Spira mirabilis è un progetto nato nel settembre 2007 ad opera di alcuni giovani professionisti, già attivi nelle più importanti realtà musicali di tutta Europa, in risposta all’esigenza comune di crearsi uno spazio, una dimensione propria in cui poter continuare a studiare, in maniera collettiva, senza rincorrere il ritmo frenetico del mondo musicale professionale.
L’ensemble prende il nome dalla spira mirabilis, una figura geometrica che, per le leggi matematiche che la definiscono, gode di una particolare proprietà: di qualunque dimensione essa sia, risulta sempre sovrapponibile a se stessa.

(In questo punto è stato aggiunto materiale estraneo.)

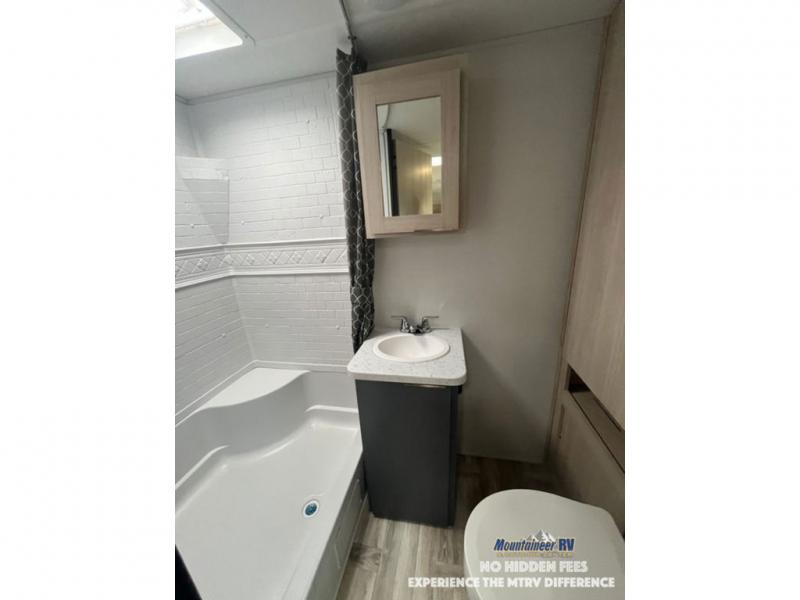 Looking to travel to see new campgrounds and enjoy the outdoors? This trailer offers you that choice then you can return to inside comforts with a queen bed and dual wardrobes and a U-shaped dinette slide out that allows you to provide more sleeping space. The galley kitchen offers a 2-in-1 gas oven and range, plus a large two-door 12V refrigerator and a microwave. The rear full bathroom might just be the reason you wanted this RV thanks to the privacy, the linen storage, and all the amenities that allow you to skip the public facilities.
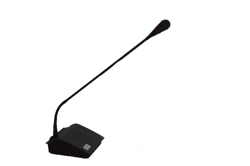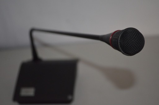 Mikrofon na gęsiej szyi ze świecącym czerwonym pierścieniem, sygnalizującym aktywność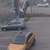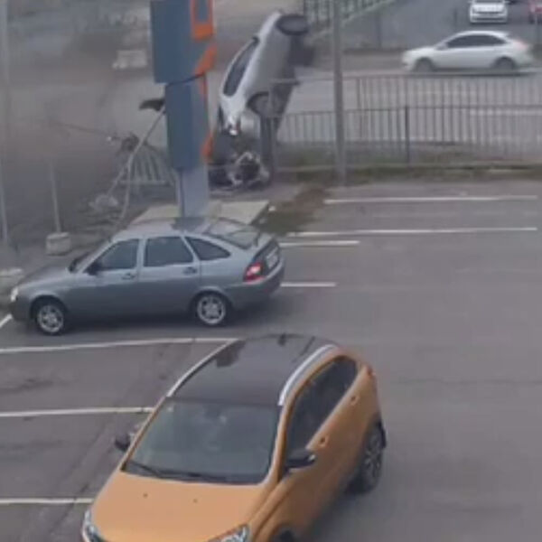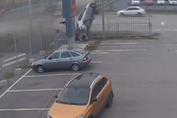 В результате она ударилась о забор автостоянки, несколько раз перевернулась в воздухе и осталась лежать на боку на проезжей части. Человек, выпавший из авто в момент удара, встал на ноги.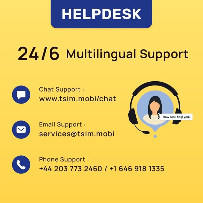 - 24x6 MULTILINGUAL SUPPORT: Get assistance in multiple languages via phone, email, or InstaChat (tsim.mobi/chat), Monday to Saturday. Contact details are included with the packaging.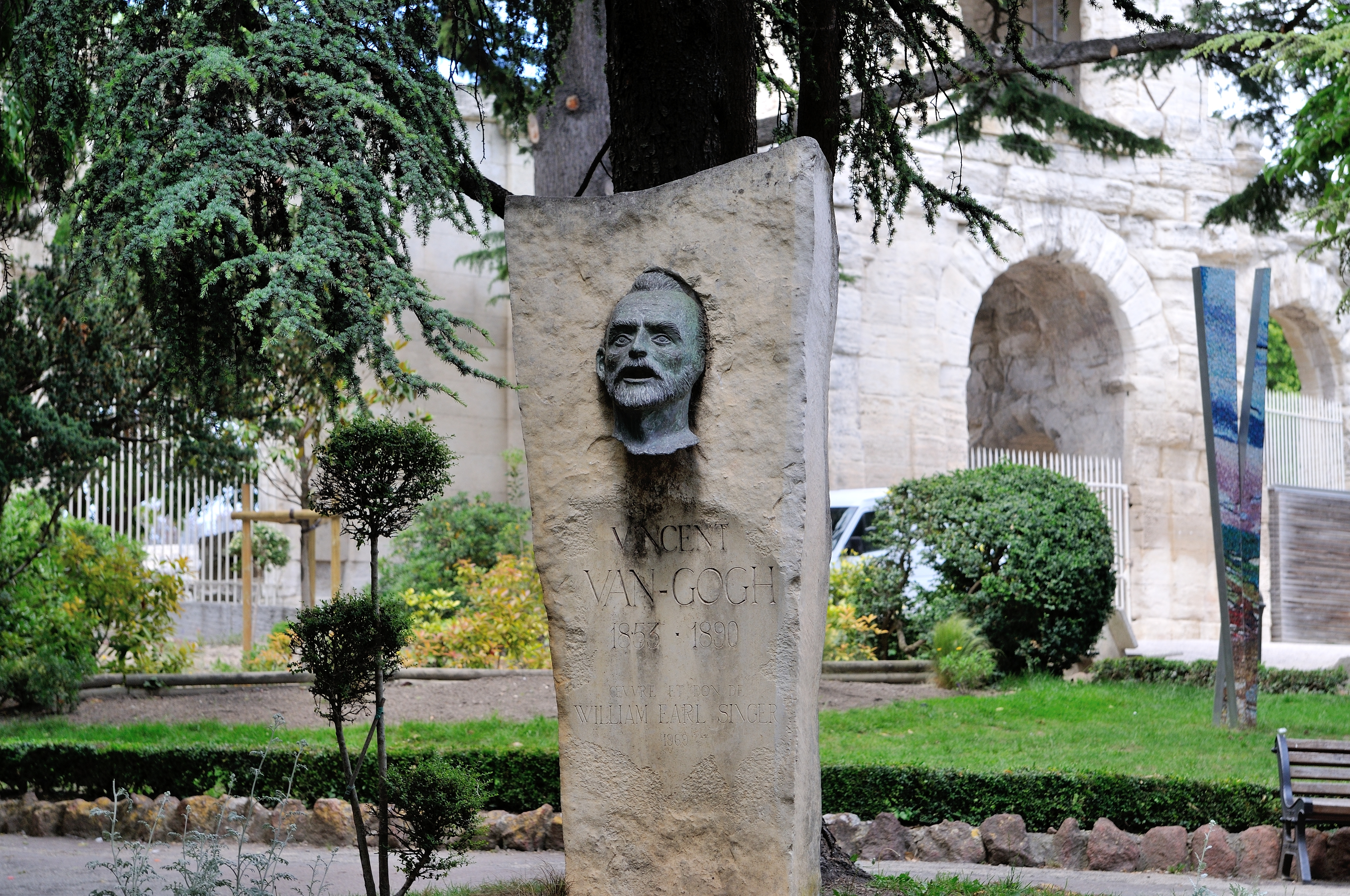 | 庭園にある、フィンセント・ウィレム・ファン・ゴッホ [Vincent Willem van Gogh] 像 (15:22) アルル市が建てた、ゴッホの像。 左耳が無いのが、特徴。 ゴッホは、1888年2月パリからアルルにやって来た。 アルルに滞在したのは1年と3ヶ月だけだったが、その間、この地で沢山の絵画が描かれている。 1年3ヶ月間の内の2ヶ月間だけポール・ゴーギャンと共同生活をしたが、アブサン酒が好きでアルコール中毒になり、精神の病にも罹り、次第に二人の関係は行き詰まていった。 そして、1888年12月23日のファン・ゴッホの左耳切断事件を機に、二人の共同生活は破綻した。 因みに、左耳切断は耳全体ではなく、左耳の耳朶のみを切断したそうです。 「北東」MAPLay. B |
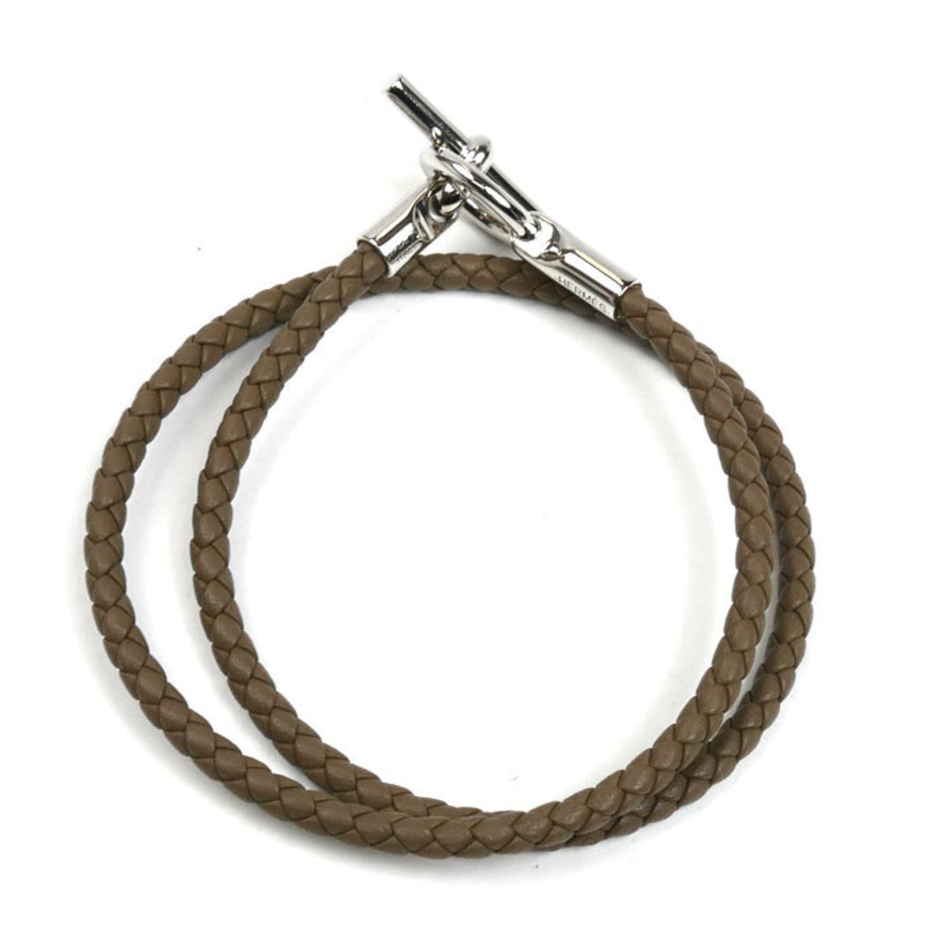HERMES Hermès Metal and Leather Grennan Double Tour Etoupe Bracelet H071689FP18 Women\'s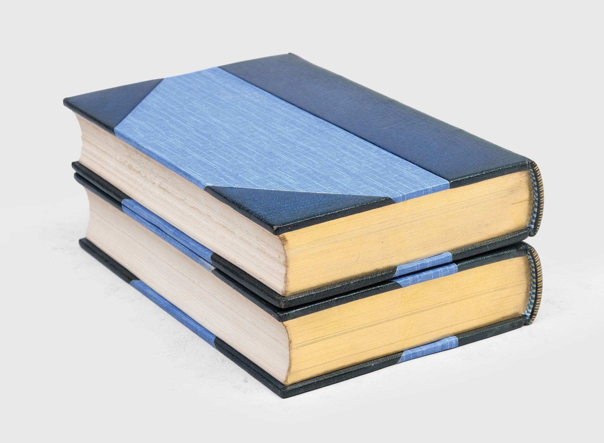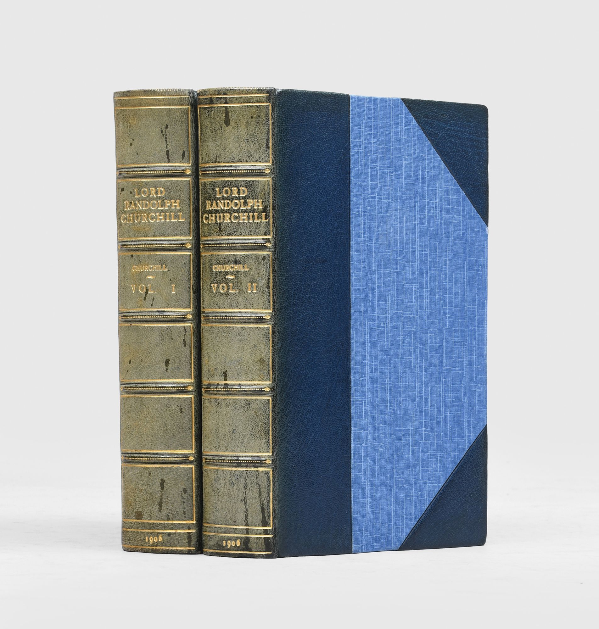 London: Macmillan and Co. Limited, 1906. First edition. Very Good. First edition of Churchill's biography of his father, the Conservative Party statesman Lord Randolph Churchill, handsomely bound. 2 vols, octavo (216 x 140 mm). Photogravure portrait frontispieces, 13 plates and 3 facsimiles, 1 folding, 1 double-page. Mid-20th-century blue half morocco by Bayntun, spines lettered in gilt, blue cloth sides, marbled endpapers, top edge gilt. Bookplate of John Thoburn Williamson (1907-1958), Canadian diamond magnate who built a significant book collection. Spines sunned with some soiling, very minor rubbing, some light foxing. A very good copy.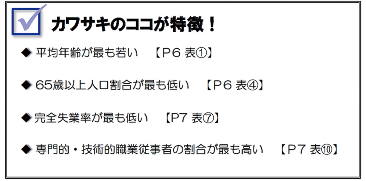 最新の「カワサキをカイセキ!」によれば、まず「人口」の面から見た川崎は「若さ」や「活発さ」を印象づける。平均年齢が43・7歳と最も若い一方で65歳以上の人口割合が20・2%で一番低い。15歳以上の人口に占める労働力人口(労働力率)は東京都区部に次ぐ2位で、完全失業率は3・3%と最も低かった。自然増加数が福岡市に次いで高く、出生率は3位で、婚姻率も東京都区部に次ぐ2位だった。

Per ogni incontro viene scelto uno ed un solo brano del repertorio sinfonico o cameristico, in modo da concentrare tutte le energie sulla sua analisi ed interpretazione, e sono proprio le prove, e non i concerti, a costituire il nucleo centrale e fondante di questo progetto.
Spira mirabilis è un laboratorio di studio, una grande officina il cui obiettivo primario è la ricerca intellettuale ed artistica volta alla crescita dei musicisti che vi prendono parte.
Non è difficile suonare insieme senza direttore, è difficile costruire un’interpretazione coesa e convincente in maniera collettiva, dovendo a volte rinunciare ad una propria idea in favore di un’altra più coerente con la lettura che si sta dando di un brano.
Dalla sua fondazione si è rapidamente affermata nella scena musicale come un fenomeno unico, e ha già all’attivo 60 progetti con residenze in Italia, Germania, Spagna, Francia, Inghilterra, e concerti a Londra (per le Shell Series alla Queen Elizabeth Hall), a Brema (Musikfest Bremen), ad Amburgo (dove ha suonato per gli Elbphilharmonie Konzerte), a Roma (Accademia Filarmonica Romana), Parigi (Salle Pleyel, Cité de la Musique), Essen, Istanbul, Berlino, Aldeburgh Music Festival.
In Italia si è recentemente esibita al Teatro alla Scala di Milano, a Siena per la stagione dell’Accademia Chigiana ed a Roma per l’Istituzione Universitaria dei Concerti.
Nel corso degli ultimi dieci anni Spira mirabilis ha dato vita a più di settanta progetti, tra cui una lunga integrale delle sinfonie di Beethoven, durata otto anni, la produzione di “Sogno di una notte di mezz’estate” di Shakespeare, con le musiche di Felix Mendelssohn, numerosi progetti di studio su strumenti d’epoca, ma anche il lavoro con il compositore inglese Colin Matthews, sfociato nella dedica del brano “Spiralling”.
Nel 2010 Spira mirabilis è stata insignita del Förderpreis Deutschlandfunk, prestigioso premio delle radio tedesche per la migliore promessa del panorama musicale, ed è stata nominata “Ambasciatrice Europea della cultura” per l’anno 2012.
Nel dicembre 2013 la città di Formigine, dove hanno sede la maggior parte dei progetti, ha inaugurato un nuovo Auditorium, l’Auditorium Spira mirabilis, nato proprio grazie al felice incontro tra il progetto e la comunità.